In the last blog entry, we introduced this topic and explored the first sentence of the health insurance portion of MGL, chapter 208, section 34, which we set forth in its entirety. It is apparent that a trial judge must make inquiry into spousal health insurance coverage that is available to an alimony payor . On close reading, it is difficult to understand exactly what the meets and bounds of that inquiry are, but plainly it places a priority on providing coverage. This is unsurprising in the current era of health care reform, despite the fact that the section 34 language preceded both the state and federal the individual mandates.
Here, we consider section 34’s relationship to MGL, chapter 208, sections 53 (eff. 3/1/12), which it also preceded. To do so, we take on the third sentence of section 34’s health insurance provision. It says:
In no event shall the order for alimony be reduced as a result of the obligor’s cost for health insurance coverage for the spouse.

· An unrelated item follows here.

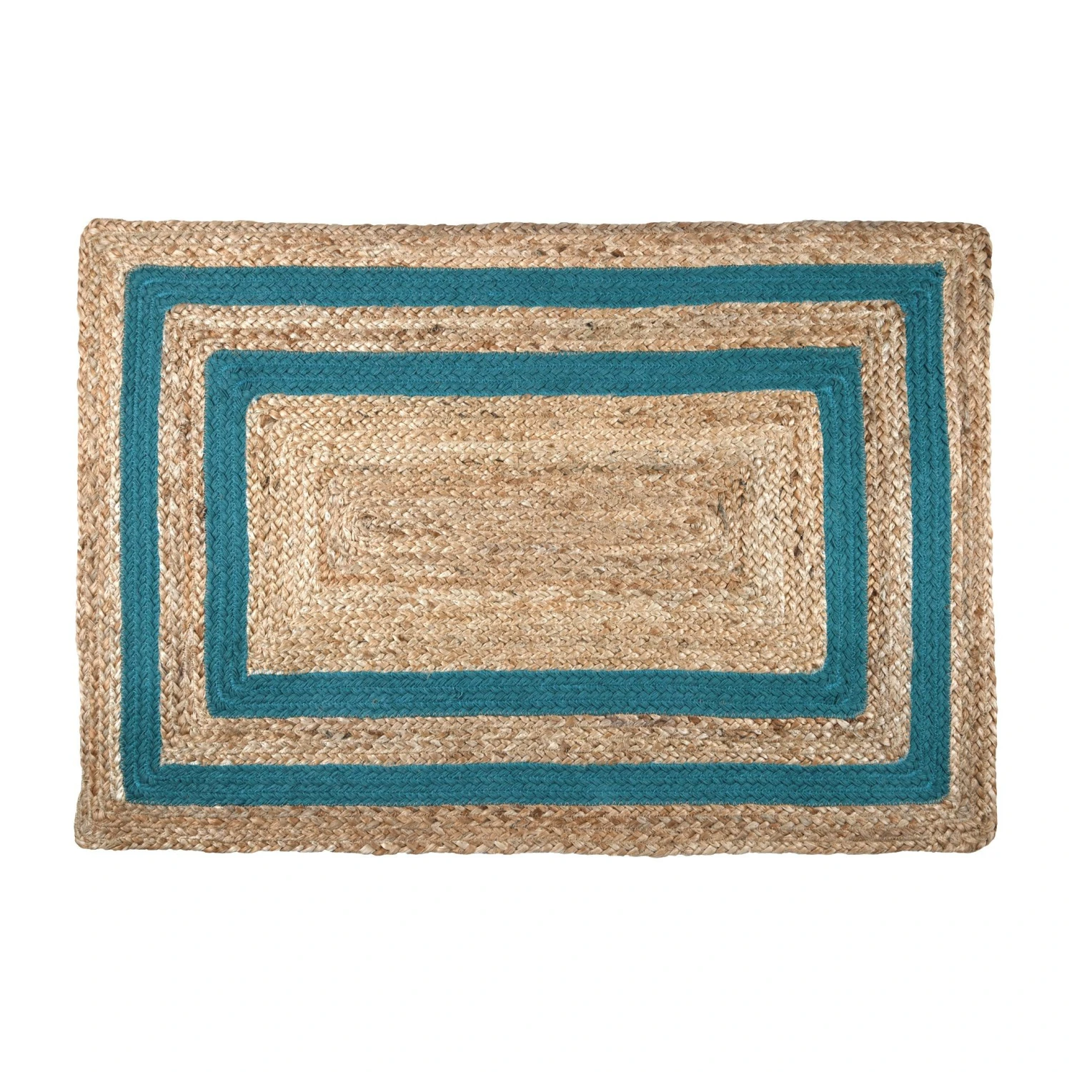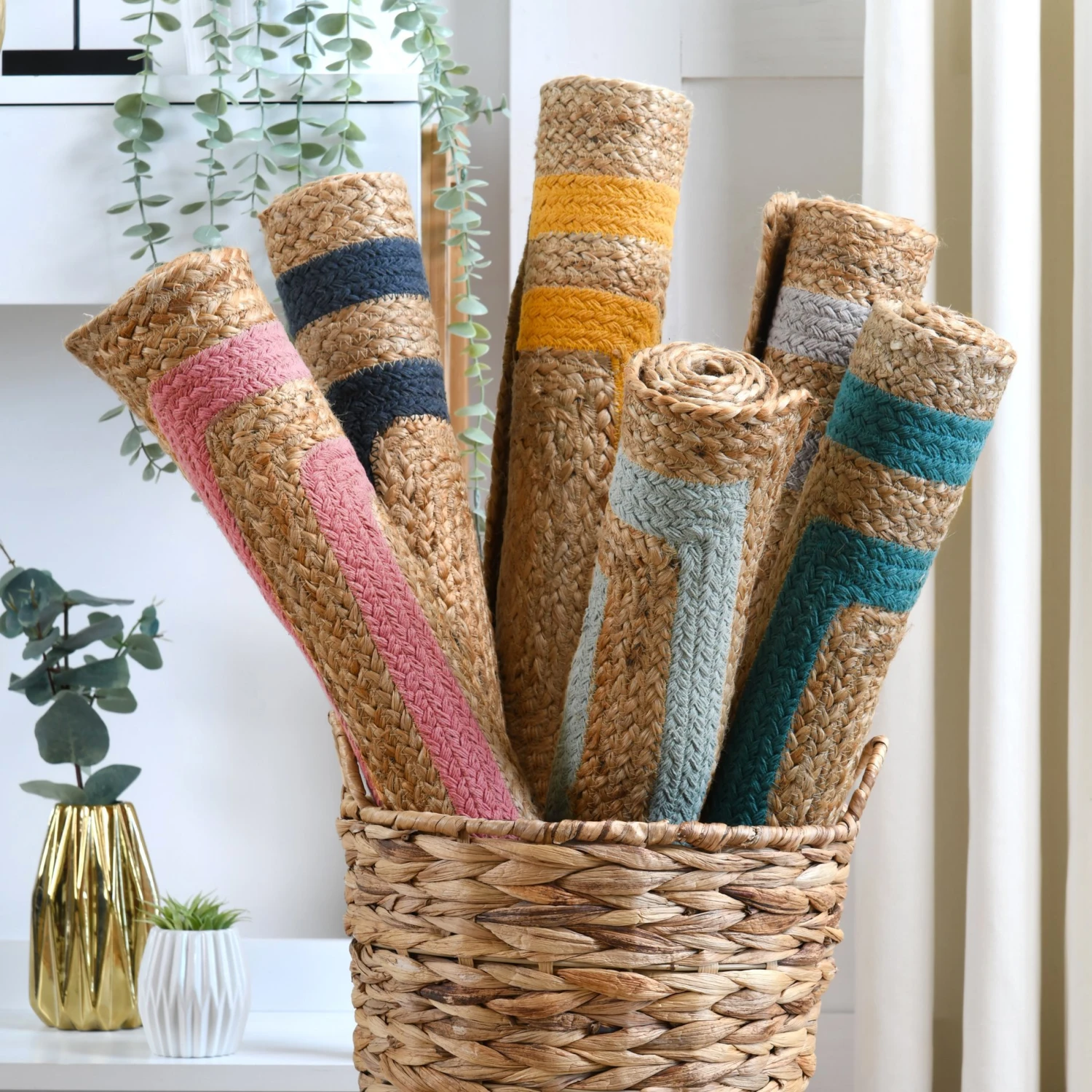 Rien de mieux que ce tapis en jute et coton pour une touche colorée et naturelle dans la pièce.

And, it remains good law. Yet, the new alimony law, states that:
(e) In setting an initial alimony order, or in modifying an existing order, the court may deviate from duration and amount limits for general term alimony and rehabilitative alimony upon written findings that deviation is necessary. Grounds for deviation may include: …
(3)whether the payor spouse is providing health insurance and the cost of health insurance for the recipient spouse…
So, which law prevails? The one that says that alimony cannot be reduced by reason of costs for health insurance or the one that states that it may?
Previously, we observed how little the health insurance provision of section 34 has been litigated. This statutory conflict may well change that. As divorce mediators, we help our clients address these matters practically, but as divorce arbitrators, we await, and now need, appellate clarification.